December 16, 2017
When you have truly attained the realization of emptiness, you will be like Milarepa or Guru Rinpoche, who were unaffected by the heat of summer or the cold of winter, and who could not be burned by fire or drowned in water. In emptiness there is neither pain nor suffering. We, on the other hand, have not understood the empty nature of the mind and so, when bitten by even a small insect, we think, ‘Ouch! I’ve been bitten. It hurts!’ or, when someone says something unkind, we get angry. That is a sign that we have not realized the mind’s empty nature.
~ Dilgo Khyentse Rinpoche
The Buddha taught the four Noble Truths : the existence of suffering, the causes of suffering. The cessation of suffering, and the path that leads to the cessation of suffering. He said, “In addition to the sufferings of birth, old age, sickness, and death, human beings endure other sufferings which they themselves create. Out of ignorance and false views, people say and do things that create suffering for themselves and others. Anger, hatred, suspicion, jealousy, and frustration cause suffering. All these arise from lack of awareness. People are caught in their suffering as if they were caught in a house on fire, and most of our suffering we create ourselves. You cannot find freedom by praying to some god. You must look deeply into your own mind and situation in order to uproot the false views which are the root of suffering. You must find the source of your suffering in order to understand the nature of suffering. Once you understand the nature of suffering, it can no longer bind you.
“If someone is angry with you, you can get angry back at him, but that only creates more suffering. If you follow the Way of Awareness, you will not react with anger. Instead, you will quiet your mind in order to discover why that person is angry at you. By looking deeply, you can uncover the causes that led to the person’s anger. If you see that you bear responsibility for angering the person, you will not become angry, but you will accept that your own misconduct has contributed towards creating his anger. If you are without blame, you can try to see why the person has misunderstood you. Then you can find the way to help him understand your true intentions. In this way, you will avoid causing more suffering to both yourself and other person.”

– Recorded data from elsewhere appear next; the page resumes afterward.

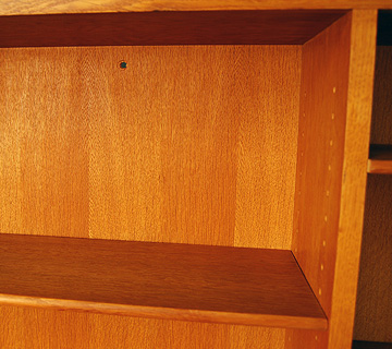 Danish oak bookcase designed by Borge Mogensen. A small hole has been drilled in the the back of the two top rear panels.
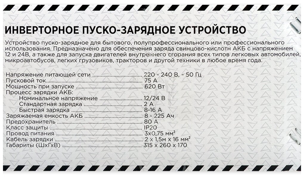 | Емкость заряжаемого аккумулятора | 9 – 190 Ач |
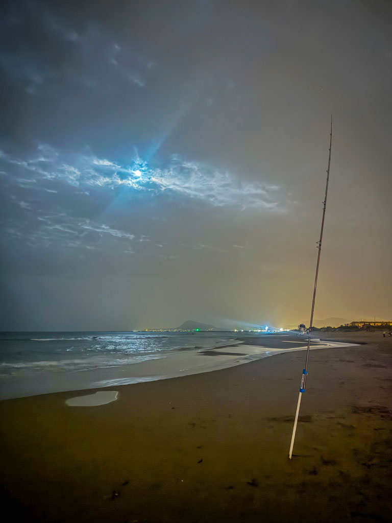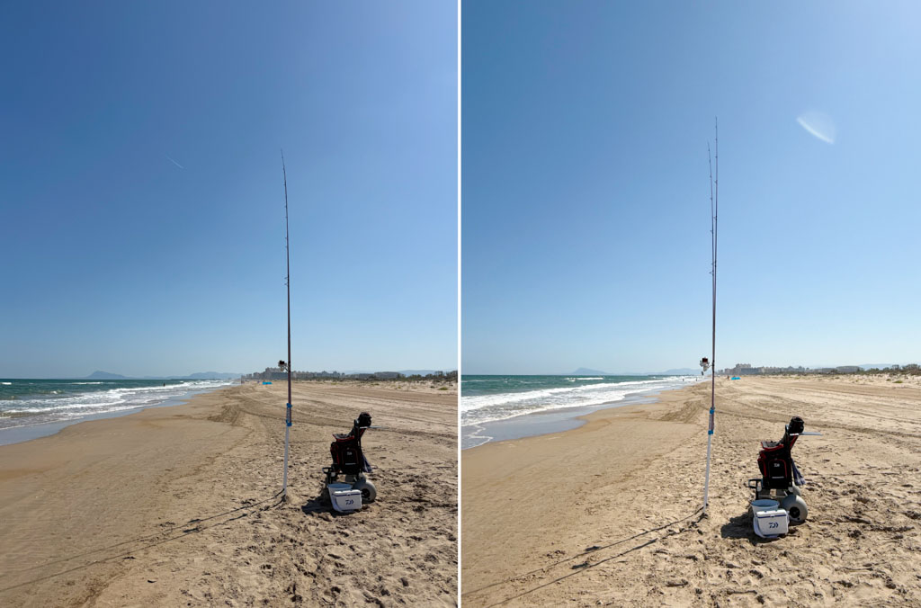 Comme il le fait habituellement lorsqu’il pêche en loisir, Marc a disposé ses cannes parfaitement parallèles et légèrement en arrière. Cette façon de positionner les cannes est typiques des pêcheurs en Espagne. Elle offre de multiples avantages. Elle permet en effet de montrer les touches lorsque le poisson revient vers le pêcheur (touche dite « à revenir ») sans avoir à utiliser un écureuil. Ainsi, le scion bandé se détend lors de ce type de touche et part vers l’arrière. En n’étant plus aligné par rapport à l’autre canne, la touche est alors facilement visible par le pêcheur. En plaçant ainsi ses cannes, la soudaine absence de tension dans la ligne lors d’une touche à revenir fait même que la canne penchée en arrière pivote sur elle-même à cause du poids du moulinet – ce qui alerte encore mieux le pêcheur.
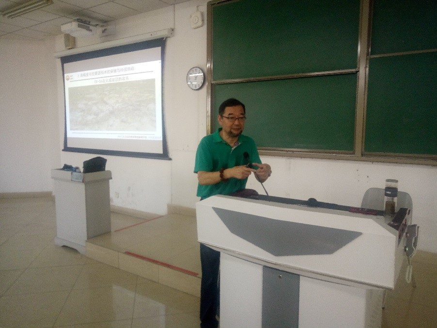 讲座期间,陶教授首先介绍了可控震源技术发展过程,然后总结了当前可控震源需要解决什么样的问题,并揭示了高精度震源技术的突破与持续的挑战,随后介绍了横波可控震源技术这一新的突破,最后展望了未来可控震源技术的发展方向与思考。陶教授深奥的讲解、学者的风范都深深吸引着学生,不仅使同学们对可控震源技术有了更深入的了解,也使同学们对国家地球物理科学的研究产生了浓厚的兴趣。
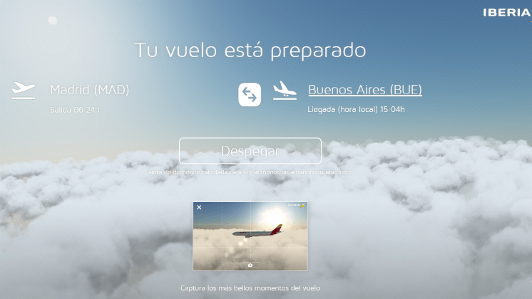 "Volar desde casa". Ese parece ser el lema de la nueva aplicación de la aerolínea española Iberia. Disponible desde flight.iberia.com, "Flight Iberia" o "Vuela por el mundo" es el proyecto presentado en las últimas horas y que ofrece la posibilidad de volar desde una computadora, teléfono o tablet a todos los destinos de Iberia. De Europa, de América, de Asia. Donde uno quiera. Sólo hay que entrar en flight.iberia.com, elegir el destino y volar. Recomiendan sincronizar el teléfono y utilizar auriculares para mejorar la experiencia de vuelo. Lo segundo parece ser de lo mejor de la app: grabaron la voz de un piloto y de una tripulante de cabina y le sumaron sonidos de aeropuertos y ruidos del interior y exterior del avión.

“Your majesty and honored guests! All suffering can be overcome by looking deeply into things. On the path of Awareness, we learn to follow our breath to maintain mindfulness. We follow the precepts in order to build concentration and attain understanding. The precepts are principles of living which foster peace and joy. Practicing the precepts, our ability to concentrate develops, and we are able to live with greater awareness and mindfulness. Mindfulness nurtures the capacity to illuminate the true nature of our mind and our environment. With that illumination comes understanding.
“Only with understanding can we love. All suffering is overcome when we attain understanding. The path of true liberation is the path of understanding. Understanding is prajna. Such understanding can only come from looking deeply into the true nature of things. The path of precepts, concentration, and understanding is the path which leads to liberation.”
The Buddha paused for a moment and then smiled before continuing to speak. “But suffering is only one face of life. Life has another face, the face of wonder. If we can see that face of life, we will have happiness, peace, and joy. When our heart are unfettered, we can make direct contact with the wonders of life. When we have truly grasped the truth of impermanence, emptiness of self, and dependent co-arising, we see how wondrous our own hearts and minds are. We see how wonderful our bodies, the branches of violet bamboo, the golden chrysanthemums, the clear stream, and the radiant moon are.
“Because we imprison ourselves in our suffering, we lose the the ability to experience the wonders of life. When we can break through ignorance, we discover the vast realm of peace, joy, liberation, and nirvana. Nirvana is the uprooting of ignorance, greed, and anger. It is the appearance of peace, joy and freedom. Honored guests, take time to look at a clear stream or a ray of early morning sunshine. Can you experience peace, joy and freedom? If you are still locked in the prison of sorrow and anxiety, you will be unable to experience the wonders of the universe which include your own breath, body, and mind. The path I have discovered leads to transcending sorrow and anxiety by looking deeply into their true nature. I have shared this path with many others and they, too, have succeeded in discovering it for themselves.”
– from ‘Old Path White Clouds’ by Thich Naht Hanh
The root of all happiness is the mind; the root of all suffering is the mind. The root of all afflictions and the root of all faith, devotion, love and compassion come down to the mind. If we know the nature of our mind, we can make use of the great treasure and eventually gain perfect happiness and the ultimate result of liberation and omniscience.